Forty years earlier, Mom had come to the U.S. as a refugee from war-torn Laos. Now she was a retired factory worker, savoring her much-earned freedom. For lunch she cooked food from her country, like papaya salad and eggrolls, and at night she nestled onto her couch to watch Thai movies.

Laotian fishing trap.

Museum Object Number(s): 82-7-200

As the last issue of Expedition went to print, the phone rang in the worst way: Mom had a heart attack. We flew home and spent five days by her side in the ICU. On the fifth day, we said goodbye. Soon we were sitting on the floor of Mom’s living room, praying alongside four Buddhist monks as they blessed her home. With sacred chants, they sent her belongings to be with her spirit in the next realm. Mom had all sorts of handmade Lao and Thai crafts, from wood carvings to golden prayer bowls, and these treasured objects surrounded us as we prayed.

There’s no easy path back to work after a personal tragedy, but it turns out the Penn Museum had a couple of surprises for me. First, Marie-Claude Boileau wrote a story about Laos for this issue (In the Labs, p. 60), which felt like a lovely nod to Mom’s ancestors. And then one day as I walked through the Museum’s Spotlight Gallery, located next to the Sphinx, I saw something familiar: a Southeast Asian fishing trap (Welcome News, p. 70). As a child, Mom had seen these traps stationed in the Mekong River, the same river she floated down when she escaped Laos in 1980. In her house in the American suburbs, she had small toy versions of these fish traps on keychains.
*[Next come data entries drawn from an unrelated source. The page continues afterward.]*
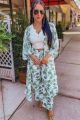 Print Open Cardigan Green
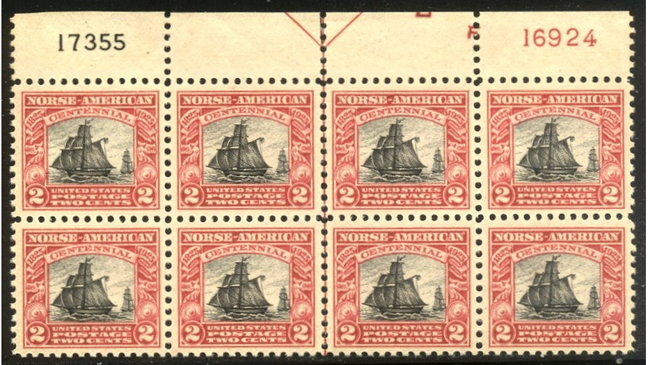 Scott #620: 1925 2c Norse-American Centering & Condition: Mint. Fresh. Extremely Fine and CHOICE Plate Block. Reverse (Gum Side): Original gum. Never Hinged. Faults / Imperfections: None The item pictured is the actual item you are purchasing, unless otherwise noted. I also offer an interest-free layaway plan. Ask me about it!" All items will be mailed a day or two after payment is received. --------------------------------------------------------------------------------
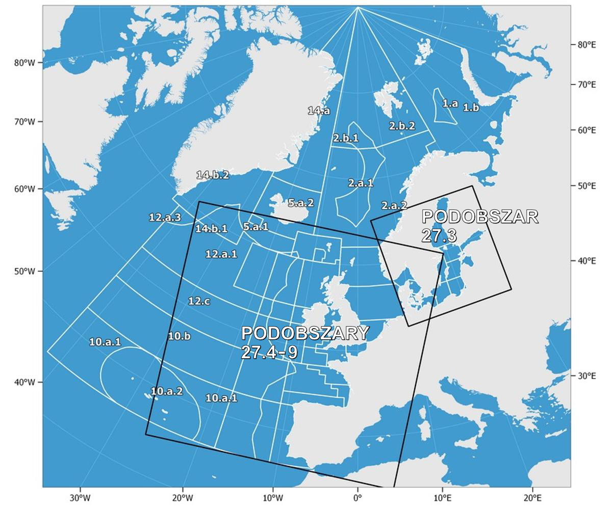 - FAO 27.3: Skagerrak, Kattegat, Sund, Morze Bełtów i Morze Bałtyckie
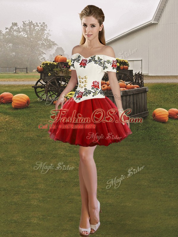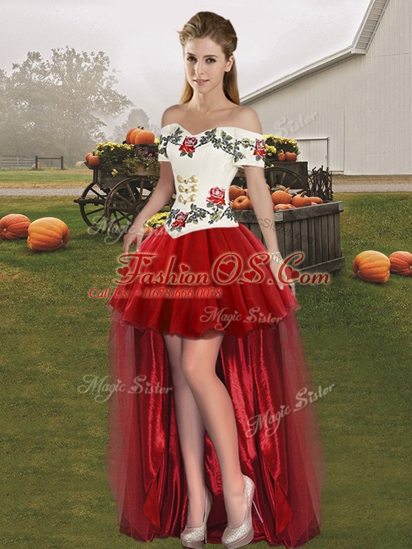 Embroidery 15 Quinceanera Dress White And Red Lace Up Sleeveless Floor Length
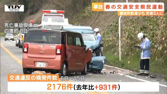 今月6日からの春の交通安全県民運動期間中、山形県内で起きた交通事故の件数が18日に公表され、事故の総数は前の年から減ったものの、2件の死亡事故が起き、3人が命を落としました。

The bold promise of this Museum is that it can connect you to the past. You can take an impersonal journey through 10,000 years of human history, and at times you may even find a more direct link to the culture of your distant relatives. For me, on that walk through the Spotlight Gallery, the Penn Museum became a place to make a new memory with someone I had lost.

I had been so excited to show Mom the Asia Gallery on her next visit to Philadelphia. She never got to see it, and that stings. But each day I come to work I will carry her with me, and as I walk through these halls, I know they have more to teach me about her. I hope our Museum’s bold promise holds true for you on your next visit: With objects from myriad cultures across three floors of galleries, may you make new memories and special connections of your own.